# TASK ITEM
No picture belongs in the answer, which must hold exactly the lines from the one with "A PEARL RUBY AND TOURMALINE PIN IN GOLD" through the final line below.
[DATA FOR THE TASK Boundary: Start]
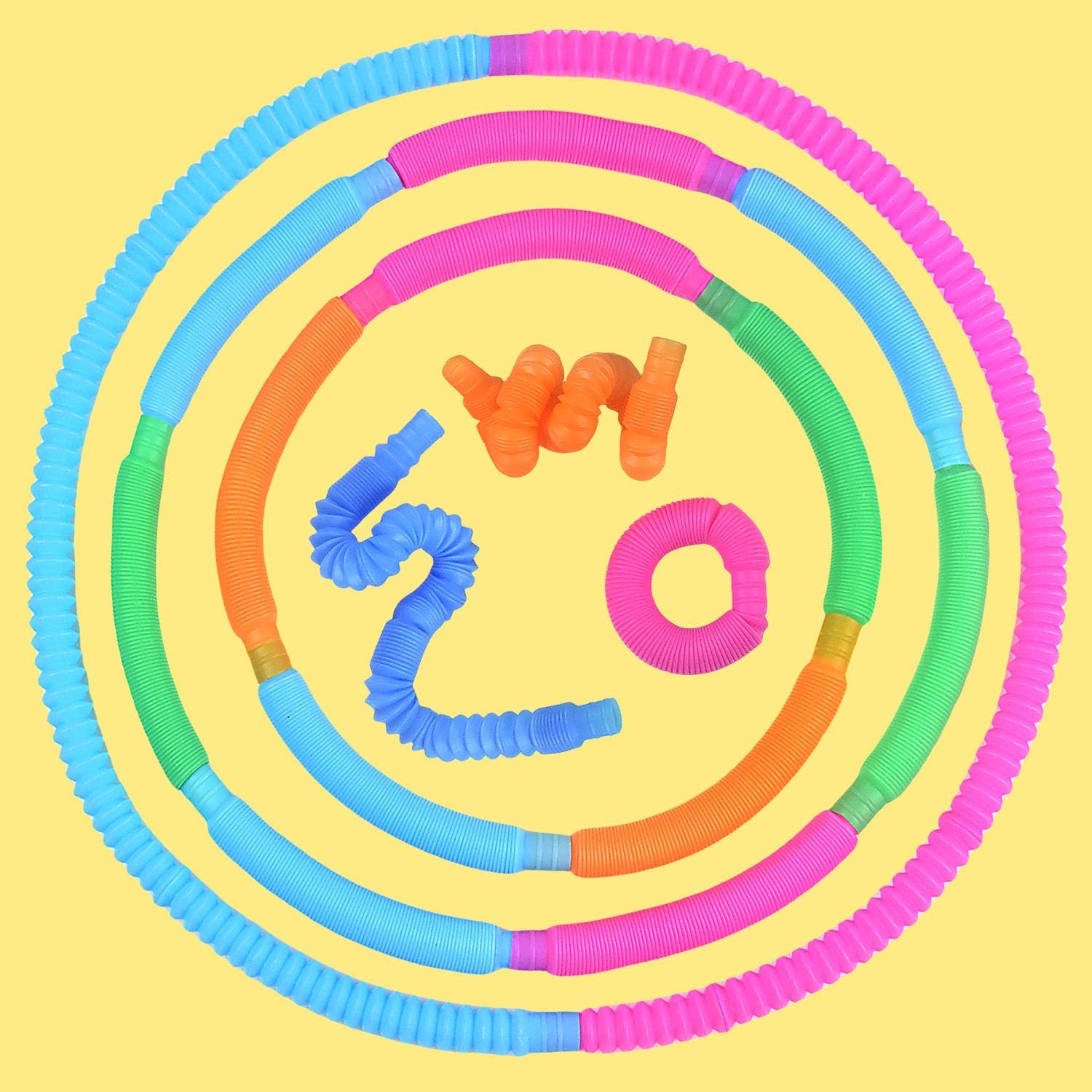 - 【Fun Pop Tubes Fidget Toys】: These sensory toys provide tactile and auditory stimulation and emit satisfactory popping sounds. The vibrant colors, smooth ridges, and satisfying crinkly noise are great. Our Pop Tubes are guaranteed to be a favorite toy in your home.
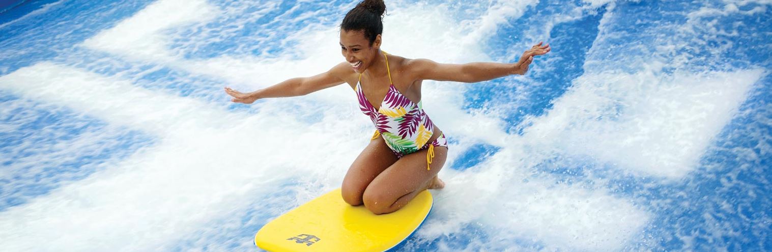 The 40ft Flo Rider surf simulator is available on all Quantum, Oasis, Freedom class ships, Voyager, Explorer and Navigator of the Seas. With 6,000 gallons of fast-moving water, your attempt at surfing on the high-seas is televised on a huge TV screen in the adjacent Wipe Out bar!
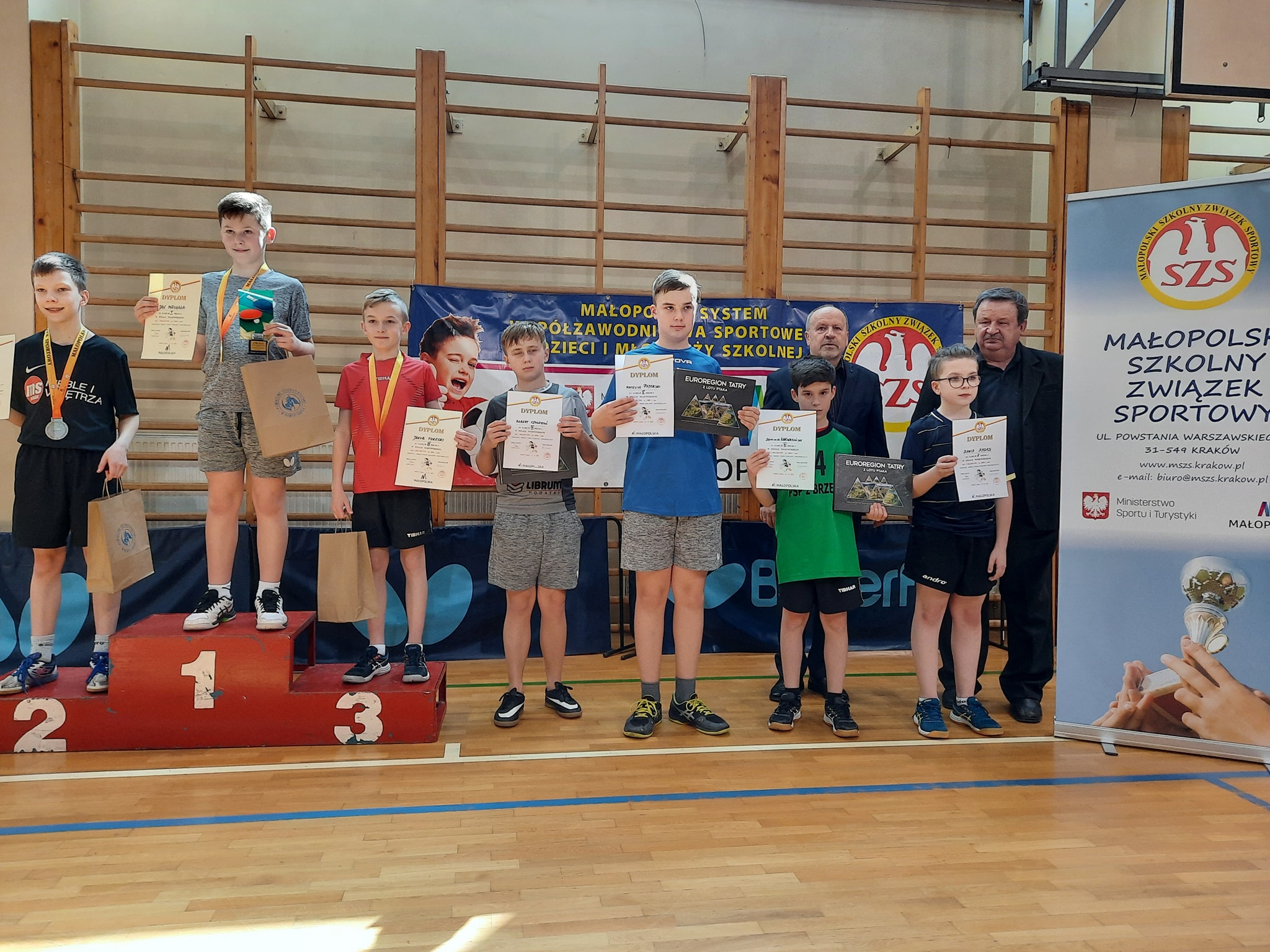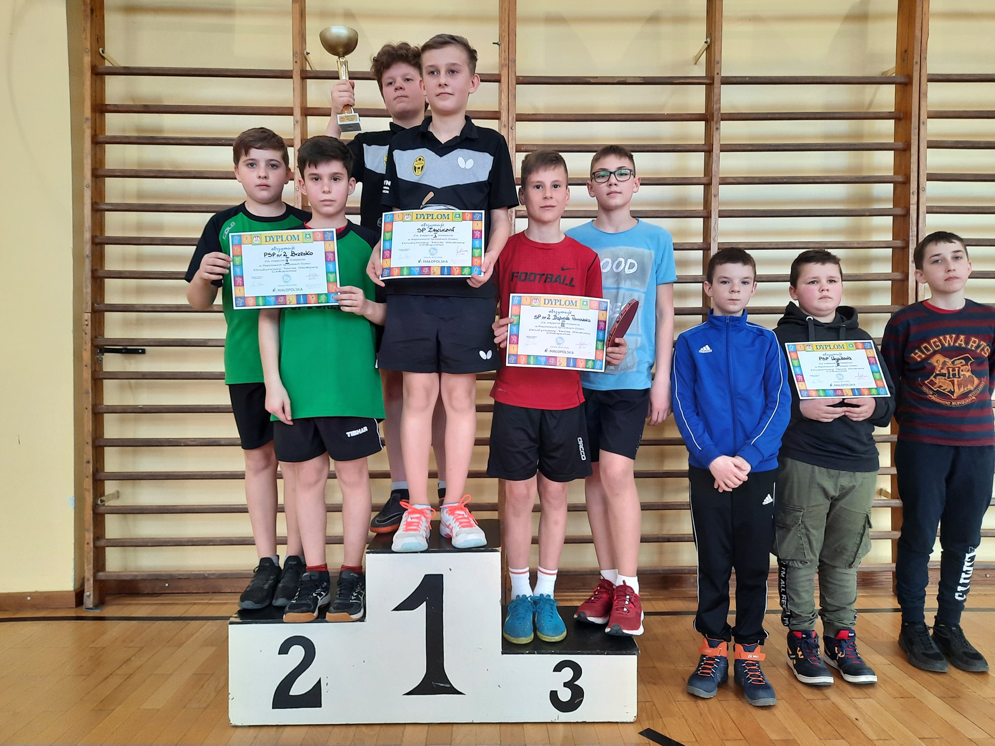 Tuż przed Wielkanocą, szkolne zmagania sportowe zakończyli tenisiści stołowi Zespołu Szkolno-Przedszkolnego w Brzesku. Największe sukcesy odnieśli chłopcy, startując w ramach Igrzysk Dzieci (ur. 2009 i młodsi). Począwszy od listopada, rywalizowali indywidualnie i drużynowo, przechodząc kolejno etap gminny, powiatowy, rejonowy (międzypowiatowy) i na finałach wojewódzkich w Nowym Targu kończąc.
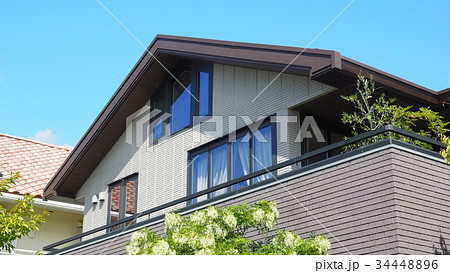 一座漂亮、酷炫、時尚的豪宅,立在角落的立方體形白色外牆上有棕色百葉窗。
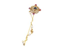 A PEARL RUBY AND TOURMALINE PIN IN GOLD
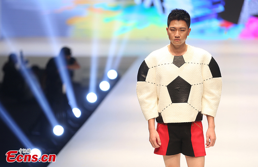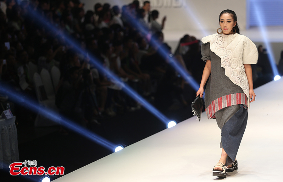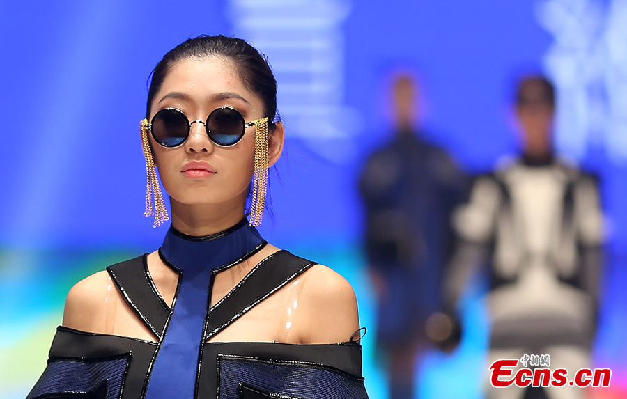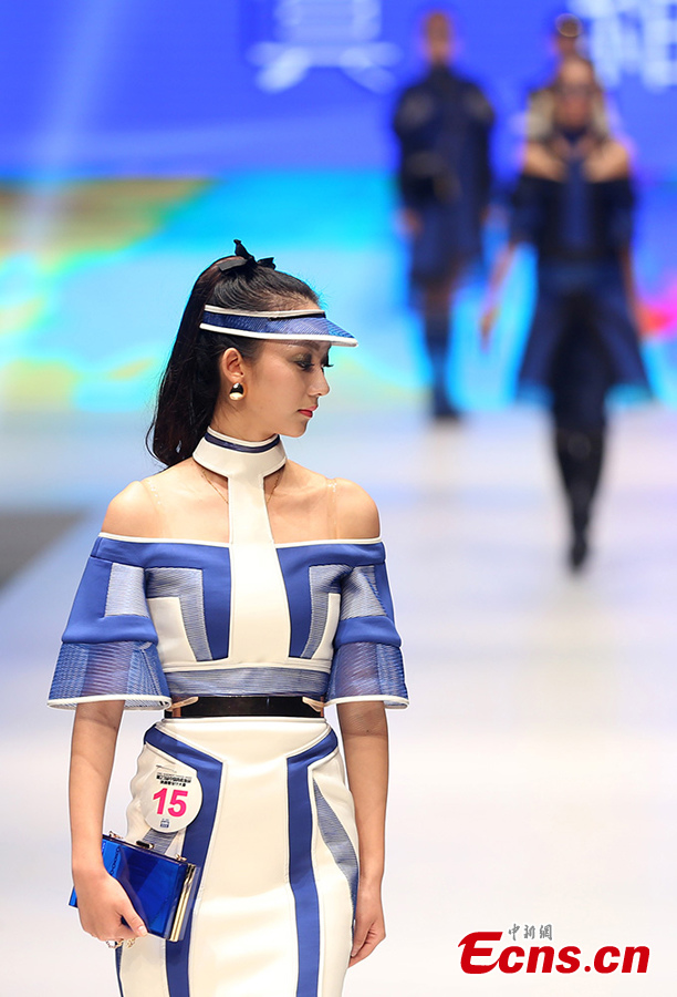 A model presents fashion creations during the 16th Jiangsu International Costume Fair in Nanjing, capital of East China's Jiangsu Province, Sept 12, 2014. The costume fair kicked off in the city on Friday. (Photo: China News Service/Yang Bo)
[DATA FOR THE TASK Boundary: End]
# ANSWER BELOW
 A PEARL RUBY AND TOURMALINE PIN IN GOLD
 A model presents fashion creations during the 16th Jiangsu International Costume Fair in Nanjing, capital of East China's Jiangsu Province, Sept 12, 2014. The costume fair kicked off in the city on Friday. (Photo: China News Service/Yang Bo)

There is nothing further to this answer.